_Records_:
== == ==

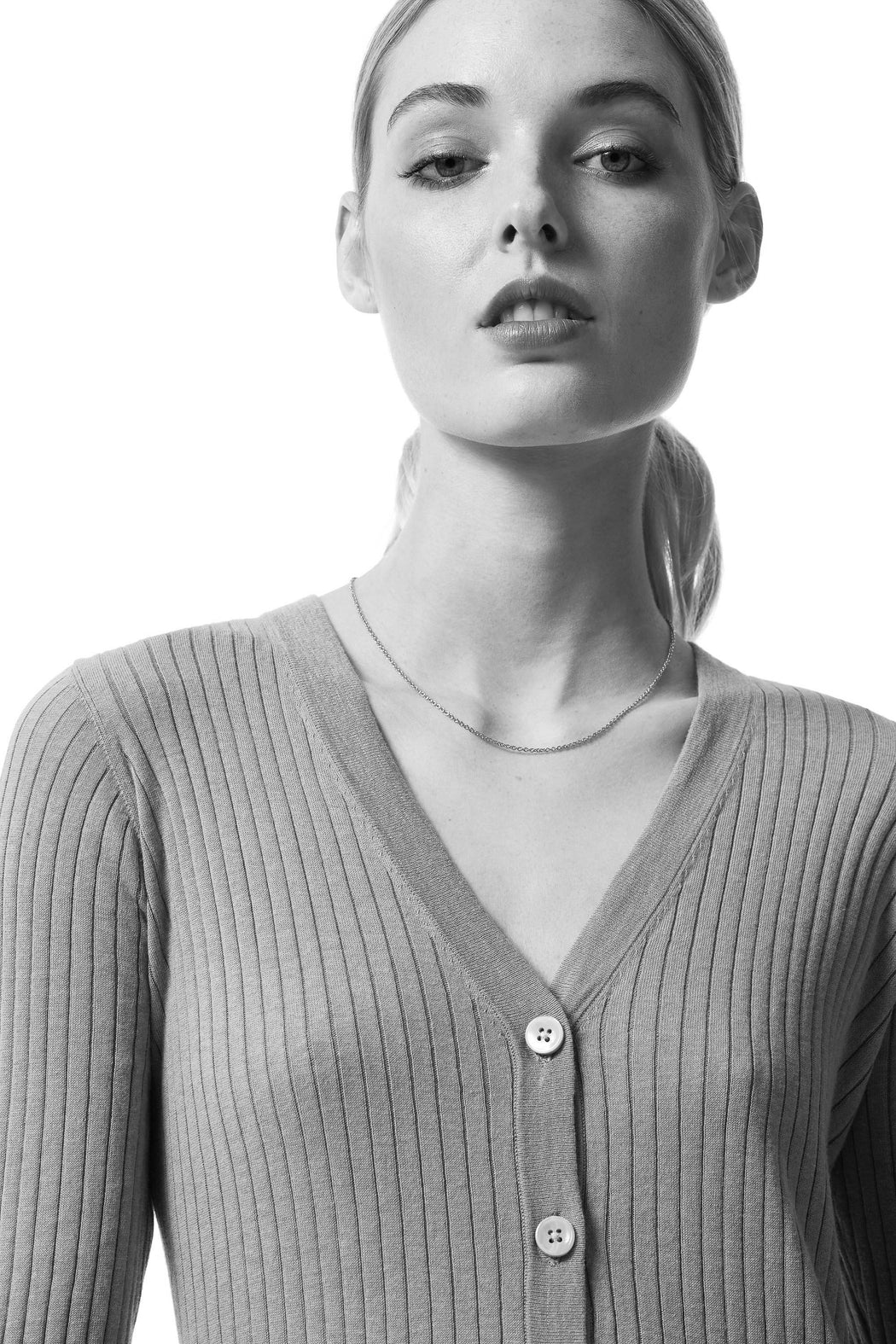 This cardigan is made of Egyptian cotton COM4-ZERO™, the fruit of 50 years of research. This Italian thread combines the age-old beauty of Egyptian cottons with a cutting-edge spinning technique that almost entirely eliminates fuzziness, which traditionally causes pilling over time. The thread is twisted as little as possible to maintain the fibre’s natural elasticity, giving more movement to clothing made from it. The smoother finish also makes it better resist the passage of time. And the increased stability preserves colours indefinitely.
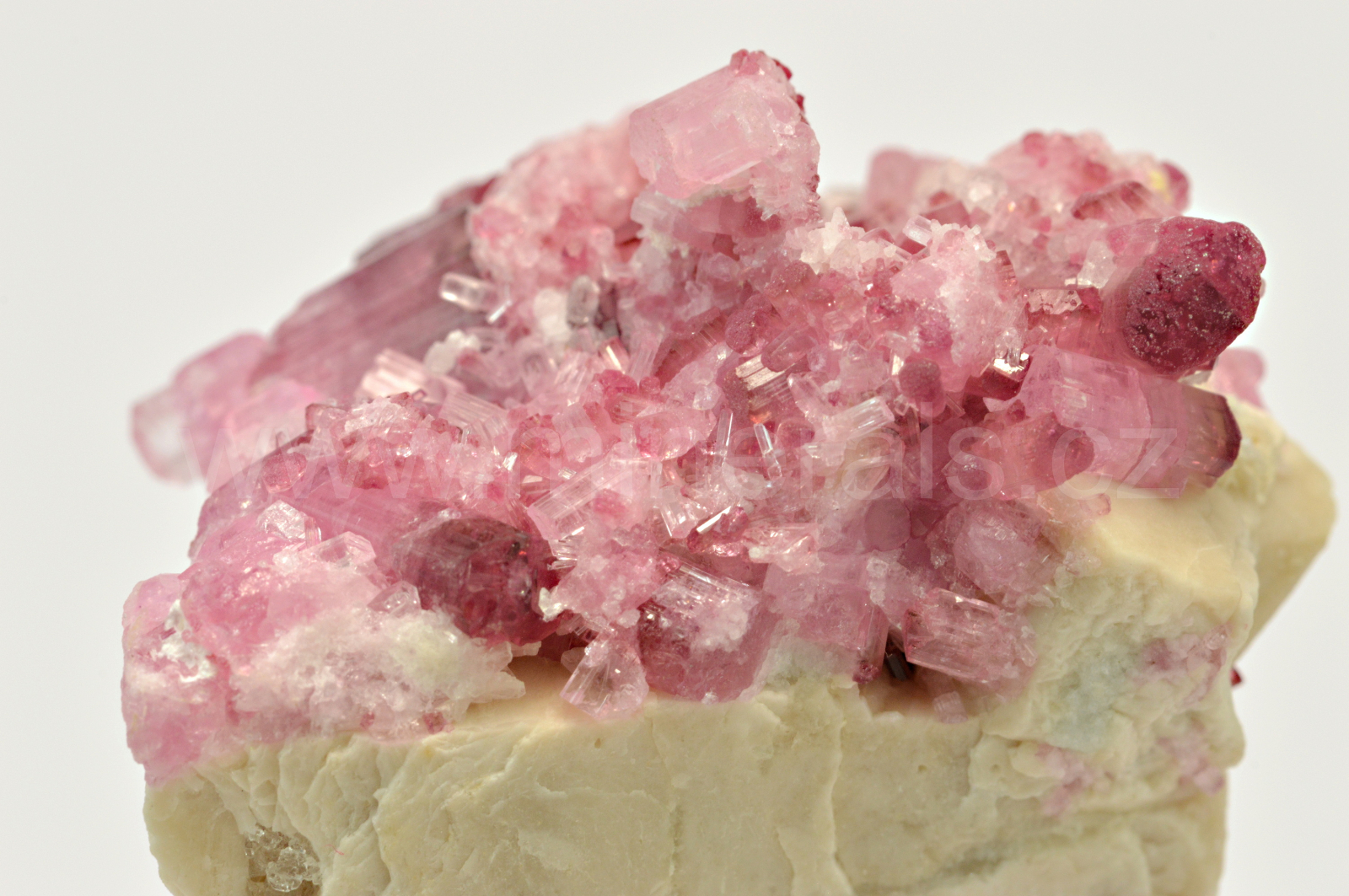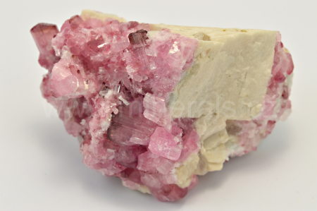 Rubelit vytváří růžové, na koncích krystalů do malinově červena, skelně lesklé, průsvitné, podélně rýhované, sloupcovité, většinou oboustranně ukončené krystaly dosahující velikosti až 10 mm, které se navzájem prorůstají a spolu s drobnými křišťály narůstají na živcovou podložku. Vzorky pocházejí z dubnové akce 2017.
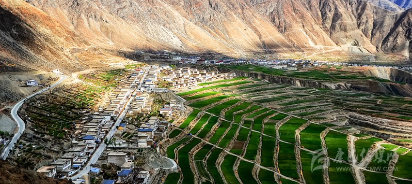 從得榮縣城出發(fā),途經(jīng)日龍鄉(xiāng),汽車順著盤山公路開始往下行駛,到半山腰處,司機輕輕踩一腳剎車熄火,在此作短暫休息。這時,我打開車門俯瞰金沙江畔的因都壩,但見公路兩側(cè)一排排整齊的房屋像火柴盒一樣連綴在平坦壩子上,房屋下端,麥田梯次舒展,麥浪涌動,蔚為壯觀。
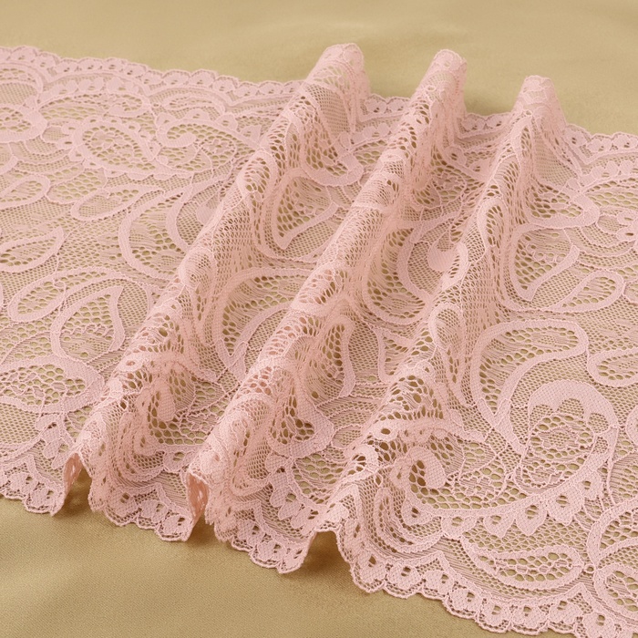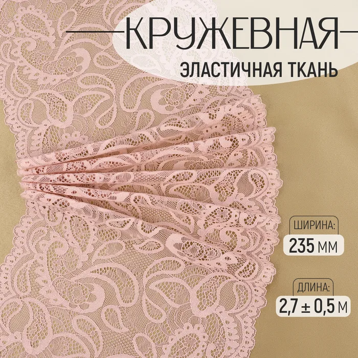 Кружевная эластичная ткань, 235 мм, 2.7±0.5 м, розово-бежевая — Характеристики
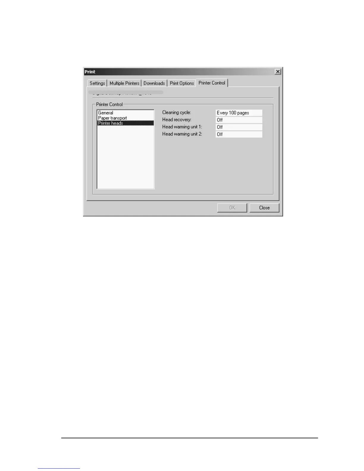 The “Print heads” option allows you to set cartridge cleaning,
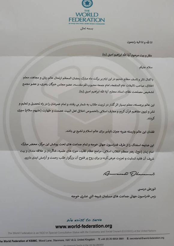 پیام تسلیت رئیس فدارسیون جهانی جماعت های مسلمان شیعه اثنی عشری خوجه در پی درگذشت حضرت آیت الله امینی ره پیام تسلیت رئیس فدارسیون جهانی جماعت های مسلمان شیعه اثنی عشری خوجه در پی درگذشت حضرت آیت الله امینی ره
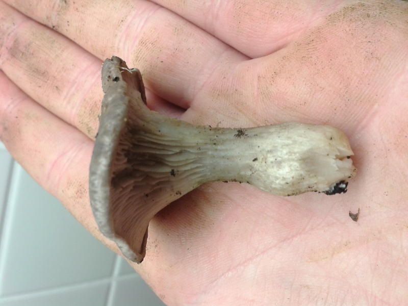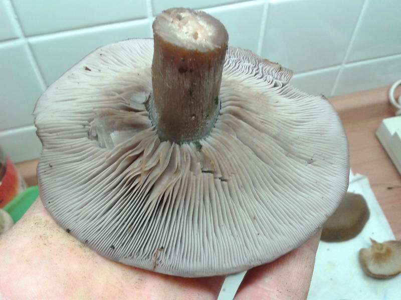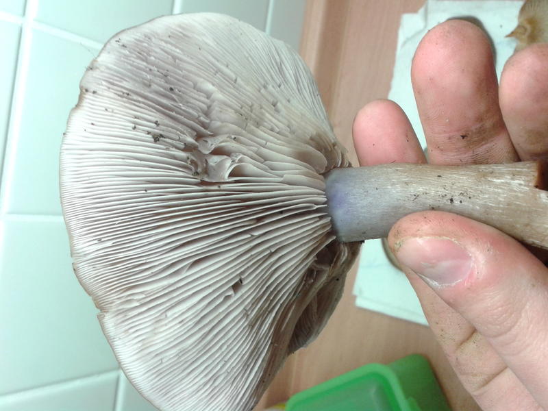 Last but not least (Jaaaa, ich komme ja gleich zum Ende!) haben wir auf dem Rückweg zum Auto einen weiteren Erstfund verzeichnen können: den Violetten Rötelritterling (Lepista Nuda). Ist dieser in der Form noch essbar? Riechen tut er nicht unangenehm und er sieht auch noch nicht schlecht aus, eventuell zeigt ein Anschnitt, ob er für eine kleine Kostprobe in der Pfanne noch gut ist.

== == ==

_Exercise details_: Skip all pictures. Then give again, exactly, each line from the line holding "option allows you" through the last line of the listing above, both ends included.

_Reply_:
 The “Print heads” option allows you to set cartridge cleaning,
 پیام تسلیت رئیس فدارسیون جهانی جماعت های مسلمان شیعه اثنی عشری خوجه در پی درگذشت حضرت آیت الله امینی ره پیام تسلیت رئیس فدارسیون جهانی جماعت های مسلمان شیعه اثنی عشری خوجه در پی درگذشت حضرت آیت الله امینی ره
 Last but not least (Jaaaa, ich komme ja gleich zum Ende!) haben wir auf dem Rückweg zum Auto einen weiteren Erstfund verzeichnen können: den Violetten Rötelritterling (Lepista Nuda). Ist dieser in der Form noch essbar? Riechen tut er nicht unangenehm und er sieht auch noch nicht schlecht aus, eventuell zeigt ein Anschnitt, ob er für eine kleine Kostprobe in der Pfanne noch gut ist.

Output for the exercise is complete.